Data entries:
···

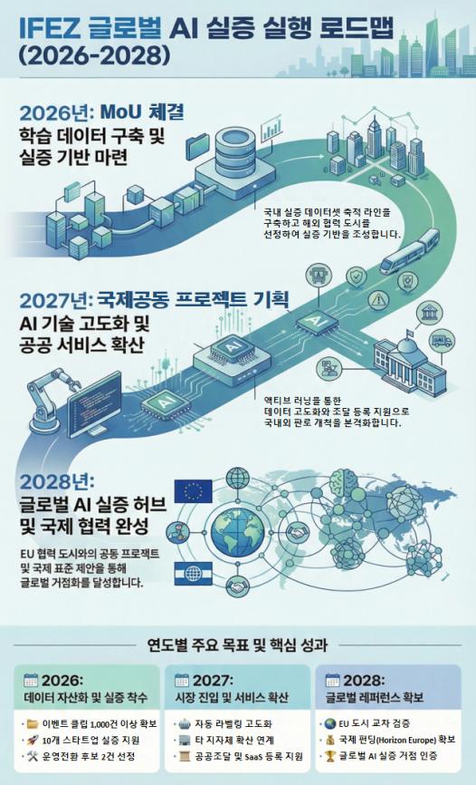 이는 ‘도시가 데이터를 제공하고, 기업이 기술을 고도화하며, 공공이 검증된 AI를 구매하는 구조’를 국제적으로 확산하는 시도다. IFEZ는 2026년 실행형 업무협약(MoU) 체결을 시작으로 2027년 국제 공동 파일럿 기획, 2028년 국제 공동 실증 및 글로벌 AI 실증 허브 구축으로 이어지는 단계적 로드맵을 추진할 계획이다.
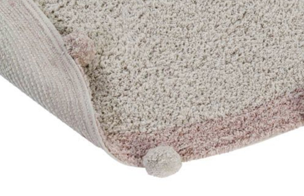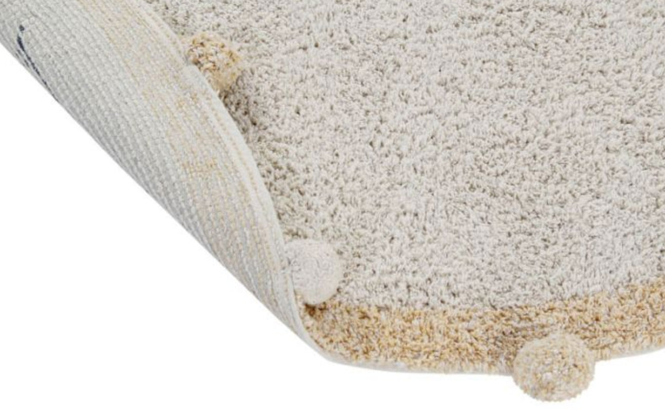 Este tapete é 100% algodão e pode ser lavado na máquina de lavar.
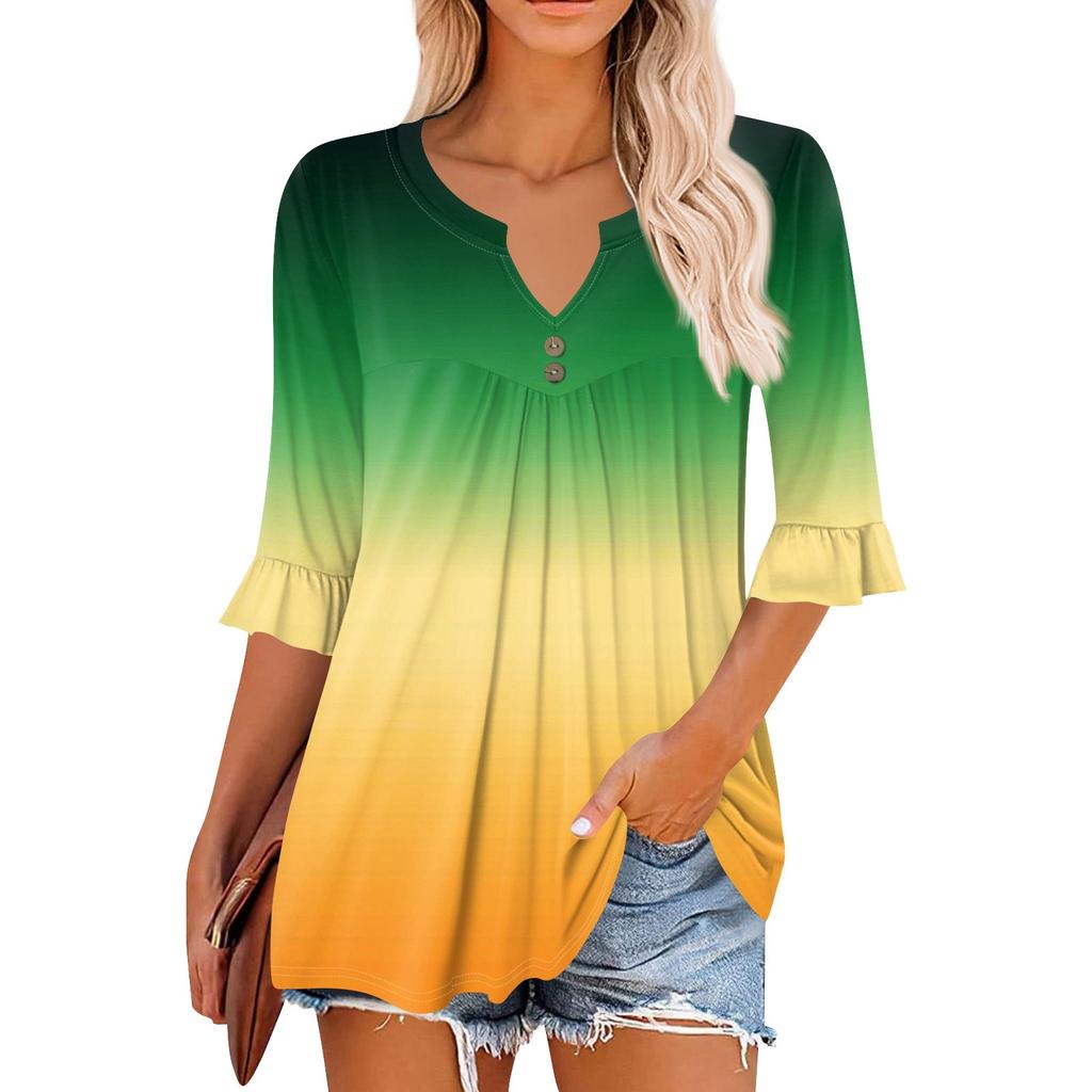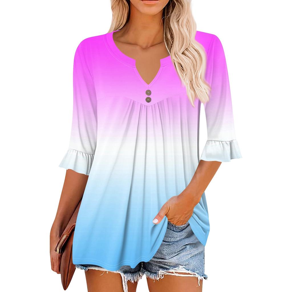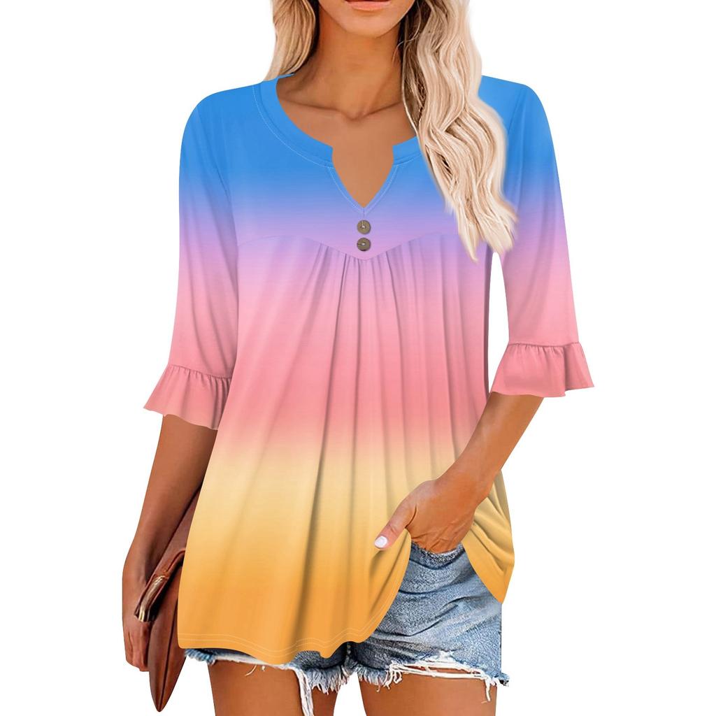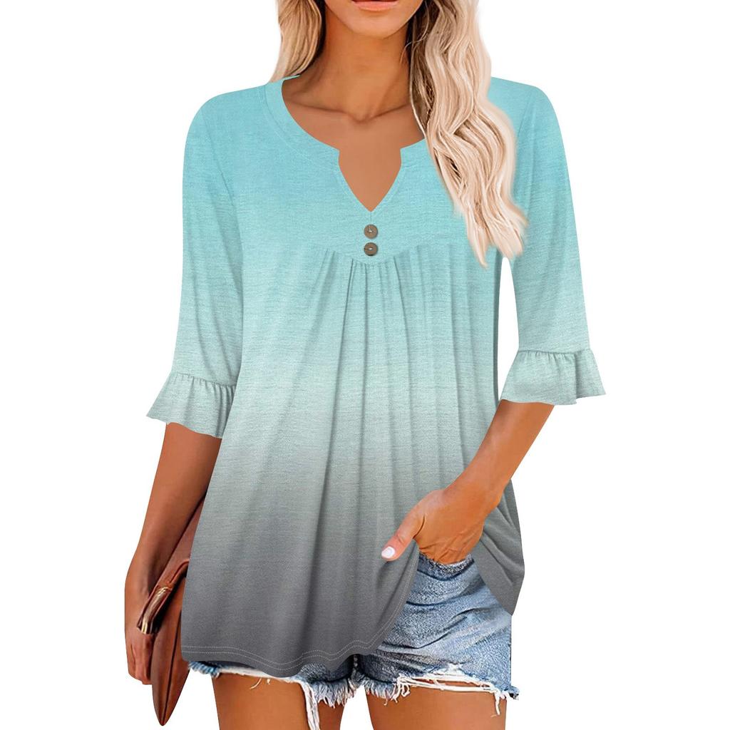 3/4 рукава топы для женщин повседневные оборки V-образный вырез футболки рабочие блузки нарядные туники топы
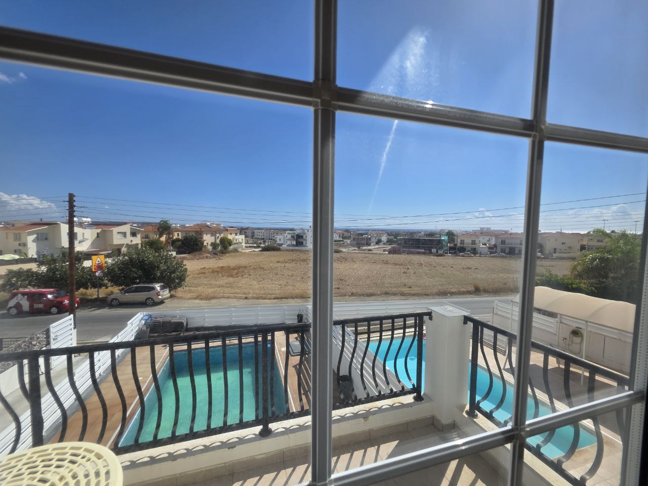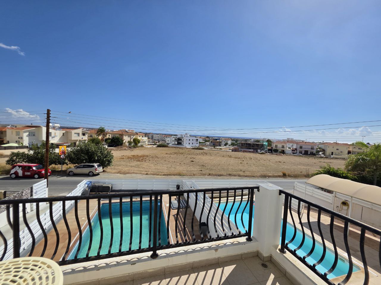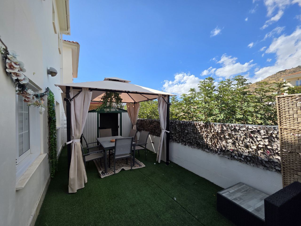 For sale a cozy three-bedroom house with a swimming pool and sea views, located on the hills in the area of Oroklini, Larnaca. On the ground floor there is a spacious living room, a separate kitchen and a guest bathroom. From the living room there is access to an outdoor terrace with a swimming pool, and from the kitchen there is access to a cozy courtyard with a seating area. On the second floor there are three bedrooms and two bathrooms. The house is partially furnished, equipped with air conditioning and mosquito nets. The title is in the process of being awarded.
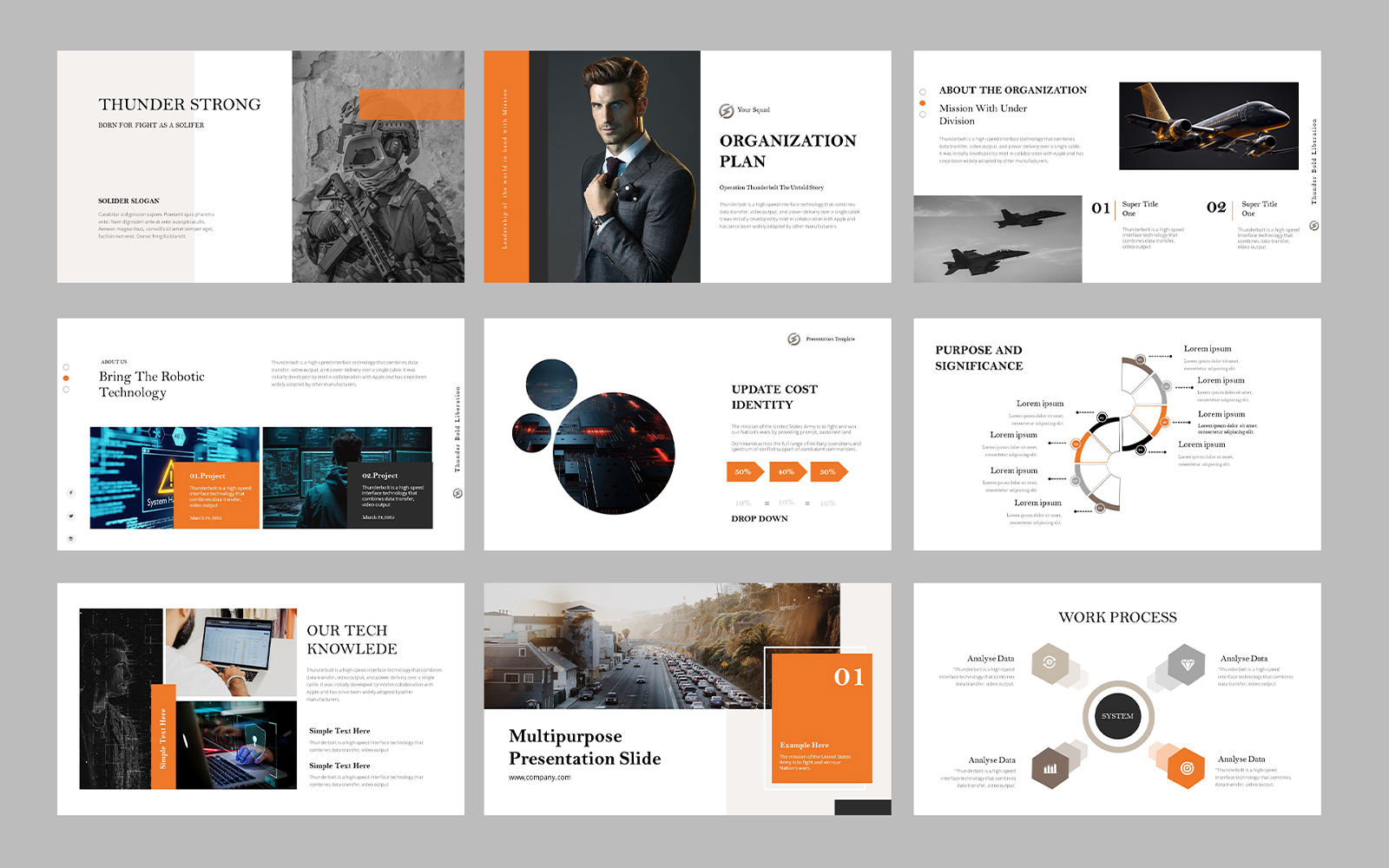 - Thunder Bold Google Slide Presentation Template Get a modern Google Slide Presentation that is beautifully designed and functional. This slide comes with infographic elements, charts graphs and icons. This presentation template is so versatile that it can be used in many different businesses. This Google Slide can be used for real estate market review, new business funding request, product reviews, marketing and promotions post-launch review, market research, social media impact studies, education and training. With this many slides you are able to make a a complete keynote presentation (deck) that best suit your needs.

···

* [What needs to be done]:
Copy these entries precisely and drop any picture.

* [Response to the task]:
 이는 ‘도시가 데이터를 제공하고, 기업이 기술을 고도화하며, 공공이 검증된 AI를 구매하는 구조’를 국제적으로 확산하는 시도다. IFEZ는 2026년 실행형 업무협약(MoU) 체결을 시작으로 2027년 국제 공동 파일럿 기획, 2028년 국제 공동 실증 및 글로벌 AI 실증 허브 구축으로 이어지는 단계적 로드맵을 추진할 계획이다.
 Este tapete é 100% algodão e pode ser lavado na máquina de lavar.
 3/4 рукава топы для женщин повседневные оборки V-образный вырез футболки рабочие блузки нарядные туники топы
 For sale a cozy three-bedroom house with a swimming pool and sea views, located on the hills in the area of Oroklini, Larnaca. On the ground floor there is a spacious living room, a separate kitchen and a guest bathroom. From the living room there is access to an outdoor terrace with a swimming pool, and from the kitchen there is access to a cozy courtyard with a seating area. On the second floor there are three bedrooms and two bathrooms. The house is partially furnished, equipped with air conditioning and mosquito nets. The title is in the process of being awarded.
 - Thunder Bold Google Slide Presentation Template Get a modern Google Slide Presentation that is beautifully designed and functional. This slide comes with infographic elements, charts graphs and icons. This presentation template is so versatile that it can be used in many different businesses. This Google Slide can be used for real estate market review, new business funding request, product reviews, marketing and promotions post-launch review, market research, social media impact studies, education and training. With this many slides you are able to make a a complete keynote presentation (deck) that best suit your needs.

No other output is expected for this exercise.